Do wydarzeń doszło na wilanowskiej ul. Wiertniczej, obok SP nr 261. Zgłoszenie o nietrzeźwym kierowcy jednego ze szkolnych busów, policjanci z KRP II otrzymali po godz. 7. Zgłaszający podał również miejsce, w którym miał być zaparkowany pojazd. Niestety po przyjechaniu na miejsce, mundurowi nie znaleźli ani kierowcy, ani busa.
Podjęto więc decyzję o kontroli wszystkich szkolnych busów podjeżdżających pod szkołę. Po kilku kontrolach kierowca następnego pojazdu nie zatrzymał się, żeby wypuścić dzieci przed szkołą. Kiedy policjantom udało się zatrzymać pojazd, okazało się, że jego kierowca to poszukiwana przez nich osoba. Po wstępnych badaniach okazało się, że 54-latek miał niemalże 2 promile alkoholu w wydychanym powietrzu. Wewnątrz busu znajdowała się siedmioosobowa grupka dzieci, w wieku 7-14 lat. Na szczęście nikomu nic się nie stało.

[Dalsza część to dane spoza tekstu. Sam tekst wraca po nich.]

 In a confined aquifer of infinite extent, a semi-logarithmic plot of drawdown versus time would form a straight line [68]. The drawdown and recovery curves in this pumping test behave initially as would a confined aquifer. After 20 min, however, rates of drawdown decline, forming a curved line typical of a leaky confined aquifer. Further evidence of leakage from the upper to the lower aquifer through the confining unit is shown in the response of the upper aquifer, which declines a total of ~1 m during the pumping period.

Wiadomo już, że 54-latek usłyszy co najmniej zarzuty kierowania pod wpływem alkoholu. Nie wiadomo jednak czy prokuratura zdecyduje się postawić ponadto zarzut narażenia dzieci na utratę życia i zdrowia.

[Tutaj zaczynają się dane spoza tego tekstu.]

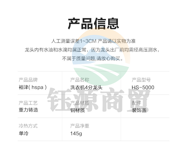 裕津HS-5000洗衣机水龙头全铜主体四4分螺纹专用自来水水嘴家用单冷 WLSZ06281224021210

Jak informuje kom. Ewa Kołdys, oficer prasowy Komendy Rejonowej Policji II Mokotów, Ursynów, Wilanów, pijany kierowca będzie odpowiadać z art. 178 kodeksu karnego. Chodzi o prowadzenie pod wpływem alkoholu, za co 54-latkowi grożą nawet trzy lata więzienia. Zarzuty usłyszy, dopiero jak wytrzeźwieje.